Utile forse, ma non necessario, il "personaggio famoso" impegnato in campagne sociali non sembra portare effetti positivi sul lungo termine. Siamo sicuri che la ricerca di risorse affidate a un volto noto non spinga la "buona causa" e l'associazione nel retroscena? Perché lamentarsi, allora, se anziché temi, cerchiamo di imporre personaggi?

di Marco Dotti

Nel settore pubblicitario, il testimonial è un personaggio pubblico – "di chiara fama", si sarebbe detto un tempo – chiamato a reclamizzare un prodotto. Negli anni in cui "fare Terzo settore" era impresa da pionieri, i testimonial hanno svolto un ruolo importante, non certo vendendo prodotti ma veicolando attenzione su temi, cause, problemi. Con ricadute positive per tutto il settore. Hanno aperto strade, in un mondo ancora molto polarizzato attorno a una fruzione calda di un medium prevalentemente freddo come quello televisivo.

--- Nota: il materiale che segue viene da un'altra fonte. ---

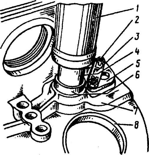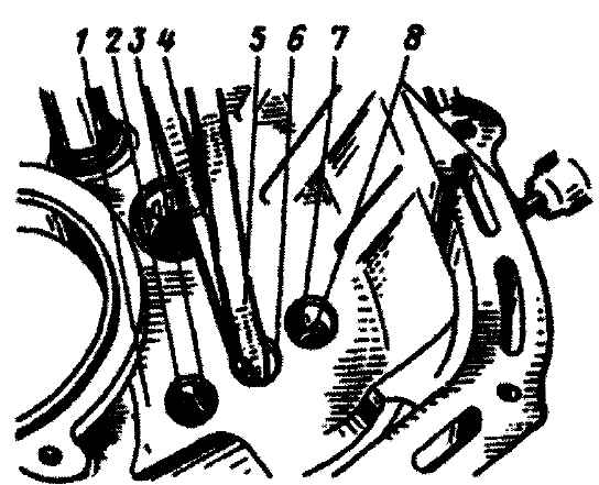 Рис. 3-70. Установка замка штоков 1-й - 2-й передач в гнездо картера главной передачи с применением пинцета и оправки (установка замка штоков 3, 4 и 5-й передач и заднего хода производится через направляющее отверстие под шток 5-й передачи и заднего хода): 1 - картер; 2 - направляющее отверстие штока 1-й - 2-й передач; 3 - направляющее отверстие замка штоков 1-й - 2-й и 3-й - 4-й передач; 4 - замок; 5 - пинцет; 6 - направляющее отверстие штока 3-й - 4-й передач; 7 - направляющее отверстие штока 5-й передачи и заднего хода; 8 - оправка для ввода замка в направляющее отверстие картера После запрессовки наружных колец 3 (рис. 3-111) подшипника 6 (см. рис. 3-69) в картер главной передачи зафиксировать их в осевом направлении соответственно: передний подшипник ведущей шестерни - стопором 1 (рис. 3-105), который должен войти в проточку кольца и фиксировать отгибанием "усов" стопорной шайбы 2 болт 3 крепления; средний подшипник первичного вала - винтом 5 (см. рис. 3-55), конус которого должен войти в кольцевую канавку на цилиндрической поверхности наружного кольца. Винт законтрить кернением. Проверить постановкой валов вращение сепараторов и роликов подшипников, которое должно быть легким и плавным. После запрессовки наружного кольца 2 (рис. 3-112) заднего подшипника ведущей шестерни и наружного кольца заднего подшипника 3 (рис. 3-71) первичного вала в картер коробки передач зафиксировать их пластиной. Перед постановкой пластины на подшипник первичного вала следует уложить заднее внутреннее кольцо.

Se il testimonial si divora lo spazio

Oggi, però, i tempi sono cambiati e chi volesse mantenere il proprio ruolo da pioniere dovrebbe farlo in relazione a questi tempi non a quelli che furono, al contesto e all'ambiente in cui si trova a operare. Ciò nonostante, la televisione svolge ancora un ruolo primario nei contesti dell'informazione, considerando che gli italiani guardano in media 255 minuti di televisione al giorno e gli ultrasessantaquattrenni arrivano a 7 ore.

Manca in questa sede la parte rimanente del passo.